### Problem
Would you retype, word for word, the line with "أوفد الرئيس محمد" and each line after it to the end of the entries below, leaving the pictures out?

[Collected data entries]
* * * * *
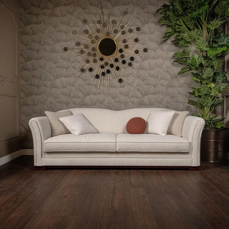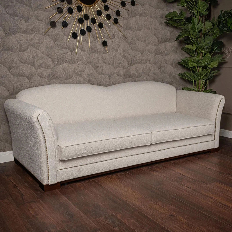 Обивка - ткань букле в светло-бежевом, почти белом тоне.
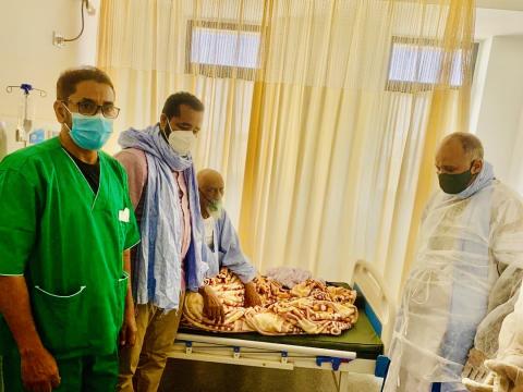 أوفد الرئيس محمد ولد الغزواني طبيبه الخاص د. ابراهيم اجاه، ومستشاره احمد سالم فاضل لعيادة الشيخ محمد محمود أحمد يوره الرباني المحجوز بمركز الاستطباب الوطني للاطمئنان على صحته بعد إصابته بفيروس "كورونا".
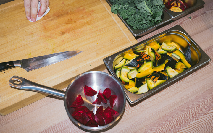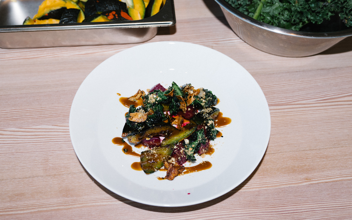 - Rote Rüben, Topinambur, Kürbis und Palmkohl dekorativ auf Tellern verteilen. Mit der Rote-Rüben-Marinade beträufeln. Mit Wildkräutern bestreuen und die gerösteten Nüsse sowie die knusprigen Sojabohnen darübergeben.
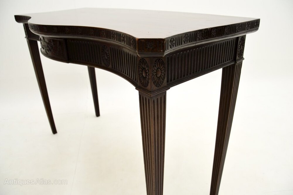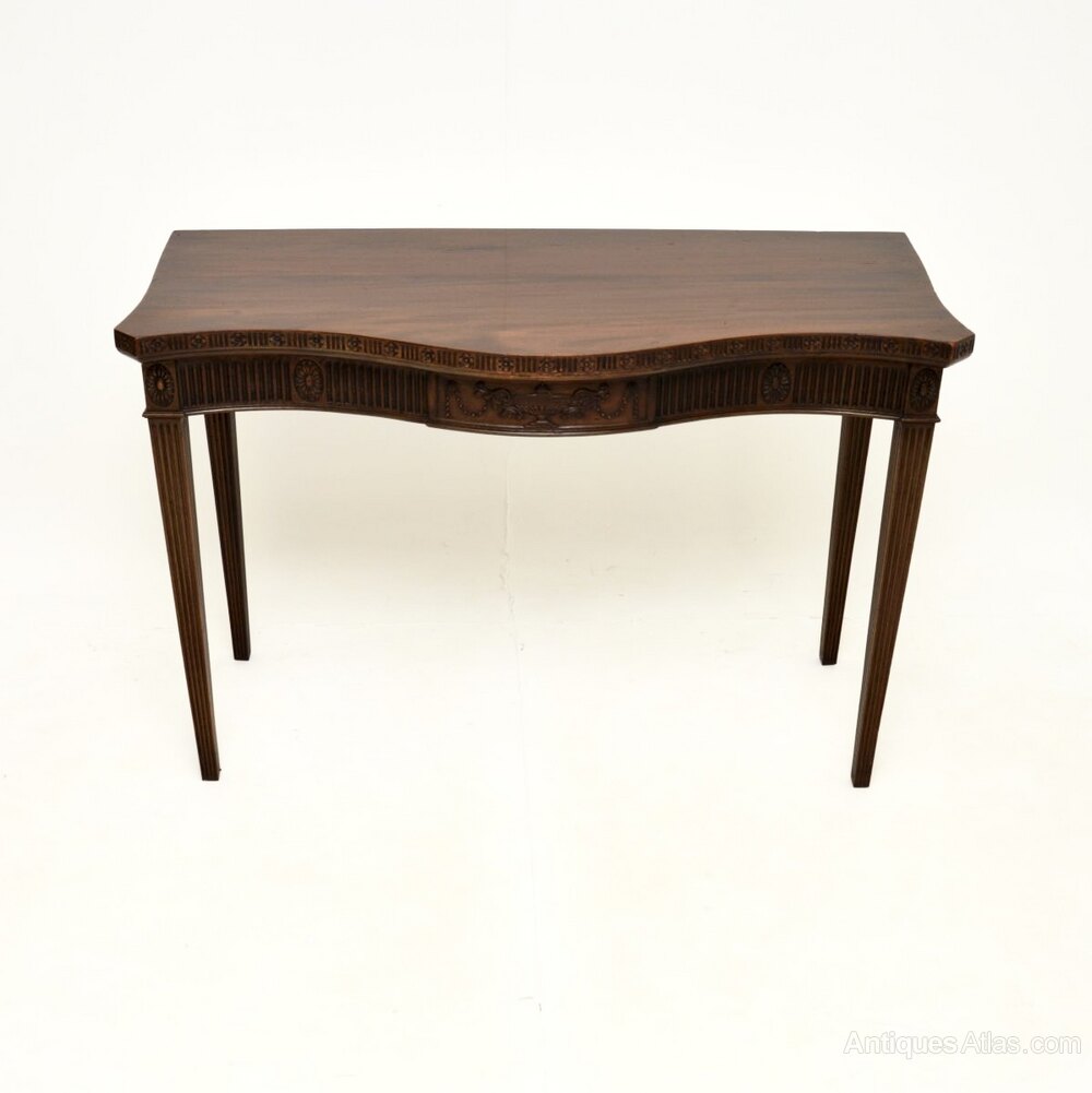 The quality is superb and this has very useful proportions, the mahogany has a gorgeous colour tone and patina. It has a serpentine shaped top with lovely carving around the edges, it stands on tapered grooved legs.
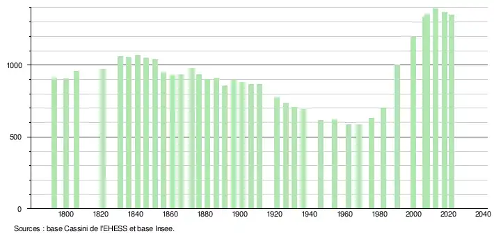 L'évolution du nombre d'habitants est connue à travers les recensements de la population effectués dans la commune depuis 1793. Pour les communes de moins de 10 000 habitants, une enquête de recensement portant sur toute la population est réalisée tous les cinq ans, les populations légales des années intermédiaires étant quant à elles estimées par interpolation ou extrapolation[21]. Pour la commune, le premier recensement exhaustif entrant dans le cadre du nouveau dispositif a été réalisé en 2007[22].
* * * * *
### Result of the task
 أوفد الرئيس محمد ولد الغزواني طبيبه الخاص د. ابراهيم اجاه، ومستشاره احمد سالم فاضل لعيادة الشيخ محمد محمود أحمد يوره الرباني المحجوز بمركز الاستطباب الوطني للاطمئنان على صحته بعد إصابته بفيروس "كورونا".
 - Rote Rüben, Topinambur, Kürbis und Palmkohl dekorativ auf Tellern verteilen. Mit der Rote-Rüben-Marinade beträufeln. Mit Wildkräutern bestreuen und die gerösteten Nüsse sowie die knusprigen Sojabohnen darübergeben.
 The quality is superb and this has very useful proportions, the mahogany has a gorgeous colour tone and patina. It has a serpentine shaped top with lovely carving around the edges, it stands on tapered grooved legs.
 L'évolution du nombre d'habitants est connue à travers les recensements de la population effectués dans la commune depuis 1793. Pour les communes de moins de 10 000 habitants, une enquête de recensement portant sur toute la population est réalisée tous les cinq ans, les populations légales des années intermédiaires étant quant à elles estimées par interpolation ou extrapolation[21]. Pour la commune, le premier recensement exhaustif entrant dans le cadre du nouveau dispositif a été réalisé en 2007[22].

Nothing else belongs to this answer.